» **Goal of the exercise**:
Skip every picture, and output exactly the lines starting at the one with "Totally timeless, this" and running through the last line of the material below.

» **The input**:
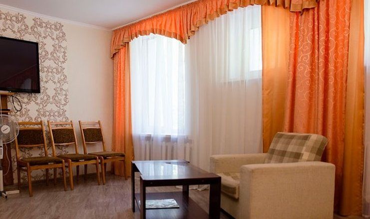 В номере: кровать двуспальная, прикроватные тумбочки, шкаф, мягкая мебель, телевизор, холодильник, чайный набор посуды
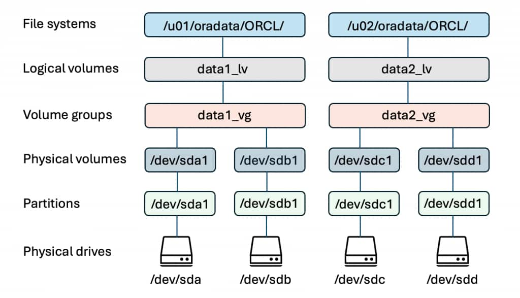 In the early days of the Oracle Database, databases were hosted on either traditional file systems or raw devices. File systems were created on top of physical disks, usually aggregated and/or protected with software RAID and Logical Volume Managers (LVMs). While requiring high amounts of manual administration and being difficult to optimize, this model was relatively straightforward, using the familiar file system hierarchy, access, and permissions model. This was the era when DBAs segregated “data” tablespace datafiles onto different physical volumes from their corresponding “index” datafiles to distribute load, achieve greater aggregate performance, and avoid saturating a subset of disks and degrading performance. File systems of the day faced maximum capacity and file size limitations, such as 16 TiB max for an ext2 file system, and 2 GiB file size max for NTFS. These limits increased file and volume management overhead for administrators. Additionally, differences in operating system implementations and their interactions with file systems created the potential for lost writes in the event of an unplanned outage.
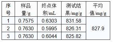 测试结果:经测试,该活性炭的碘吸附值为827.9mg/g。
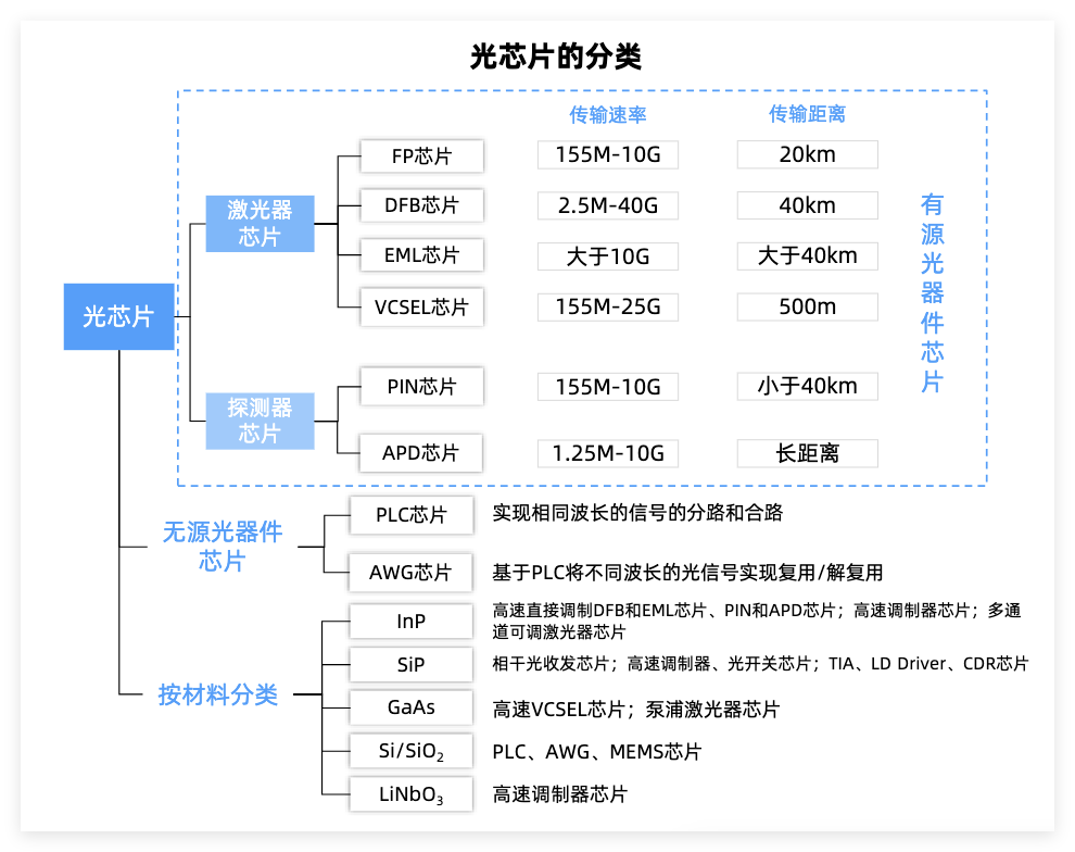 光芯片的核心功能是实现光电信号的高效转换与传输,根据是否发生光电转换分为有源和无源两类。
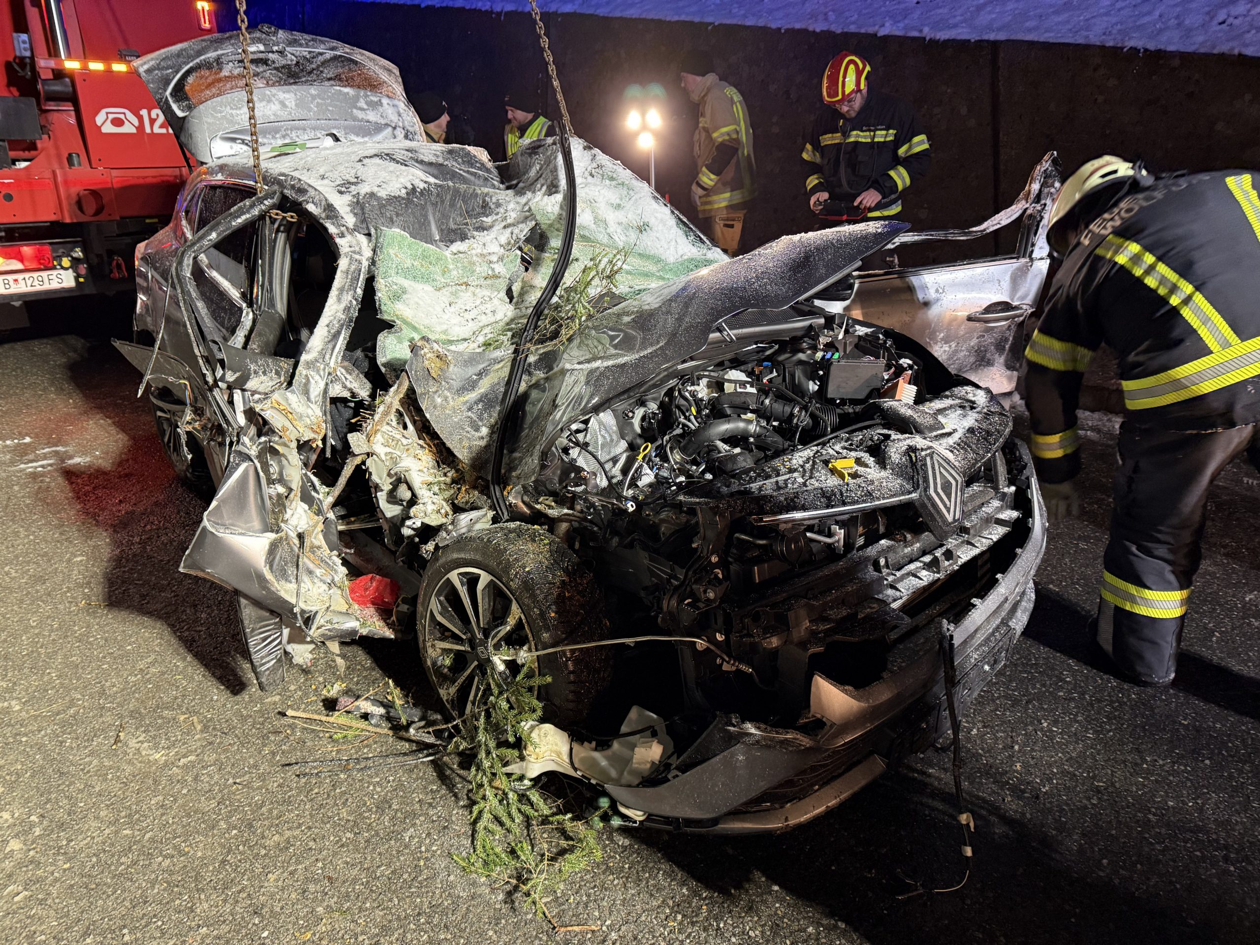 Dabei passierte das Fahrzeug knapp die Leitschiene, geriet auf eine schneebedeckte Fläche und fuhr auf eine Kuppe zu. In der Folge stürzte der Wagen in ein steil abfallendes Tobel. Nach rund 13 Metern prallte das Fahrzeug mit voller Wucht gegen einen Baum.
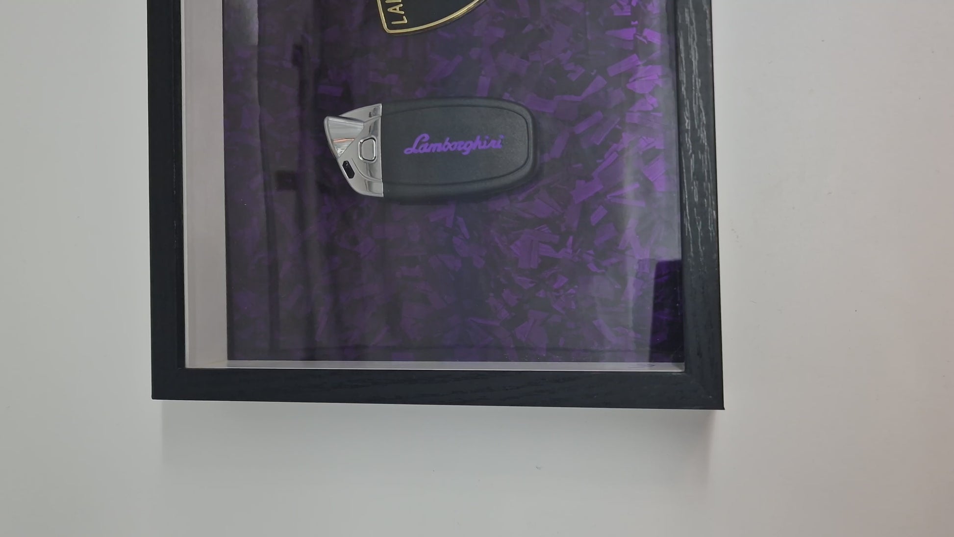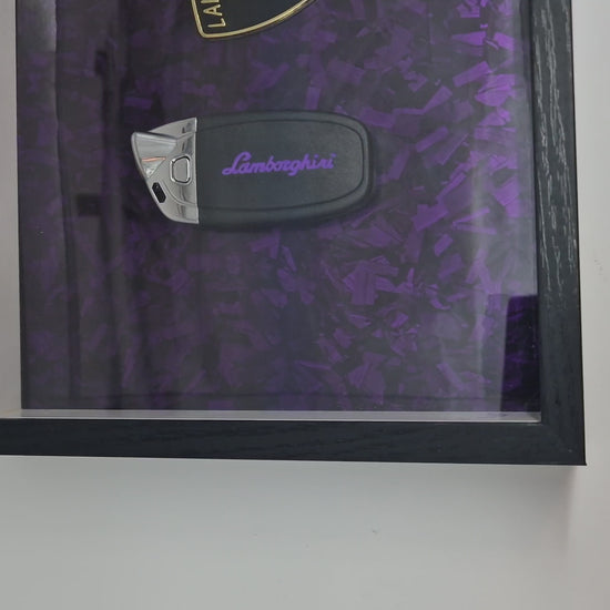 Cadre décoratif clé Lamborghini EDITION limité – Effet carbone forgé violet (20 × 25 cm)
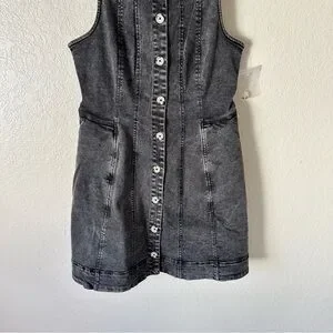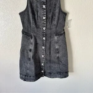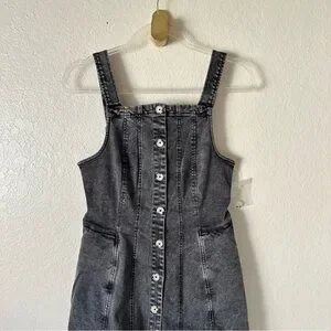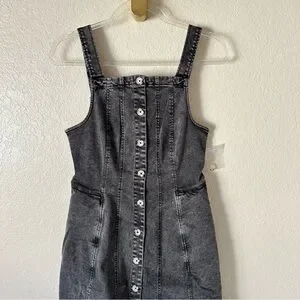 Totally timeless, this denim mini is featured in a flattering silhouette and sleeveless-style with button-front closures and wide adjustable shoulder straps.
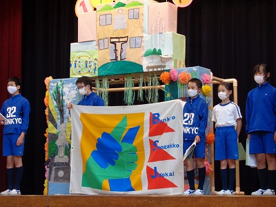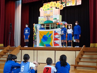 終わりに、児童会本部メンバーより「児童会旗」の紹介がありました。
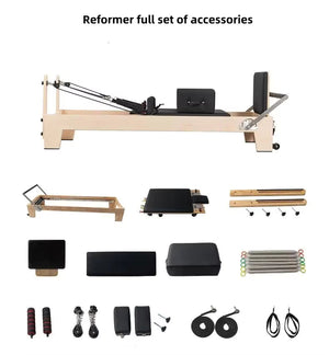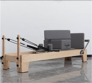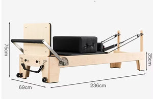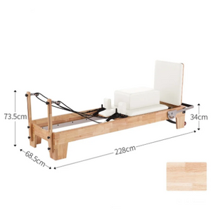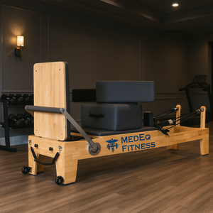The MedEq Fitness Classic Wooden Pilates Reformer is a premium studio-grade apparatus designed for precision, performance, and elegant craftsmanship. Constructed from solid oak and rubber wood, this reformer delivers quiet, smooth operation, versatile spring resistance, and a complete accessory suite to support all skill levels—from beginner to professional athletes.
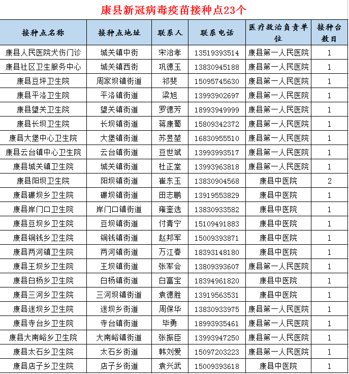 即日起,隴南市康縣內(nèi)18歲以上居民(含60歲以上)不論戶籍,身體狀況符合接種要求的均需免費接種新冠病毒疫苗,請您與所在單位或社區(qū)聯(lián)系疫苗接種相關事宜。零散居民、流動人口也可攜帶身份證,就近自行前往接種點接種,接種點會根據(jù)疫苗供應情況、日接種能力、排隊順序等發(fā)放接種序號。注意;接種點開放時間不定時有調(diào)整,建議先電話或者網(wǎng)上預約咨詢;隴南市康縣新冠病毒疫苗接種單位名單、地址、接種時間和預約電話等相關信息請看這里↓↓↓

» **Result for this exercise**:
 Totally timeless, this denim mini is featured in a flattering silhouette and sleeveless-style with button-front closures and wide adjustable shoulder straps.
 終わりに、児童会本部メンバーより「児童会旗」の紹介がありました。
The MedEq Fitness Classic Wooden Pilates Reformer is a premium studio-grade apparatus designed for precision, performance, and elegant craftsmanship. Constructed from solid oak and rubber wood, this reformer delivers quiet, smooth operation, versatile spring resistance, and a complete accessory suite to support all skill levels—from beginner to professional athletes.
 即日起,隴南市康縣內(nèi)18歲以上居民(含60歲以上)不論戶籍,身體狀況符合接種要求的均需免費接種新冠病毒疫苗,請您與所在單位或社區(qū)聯(lián)系疫苗接種相關事宜。零散居民、流動人口也可攜帶身份證,就近自行前往接種點接種,接種點會根據(jù)疫苗供應情況、日接種能力、排隊順序等發(fā)放接種序號。注意;接種點開放時間不定時有調(diào)整,建議先電話或者網(wǎng)上預約咨詢;隴南市康縣新冠病毒疫苗接種單位名單、地址、接種時間和預約電話等相關信息請看這里↓↓↓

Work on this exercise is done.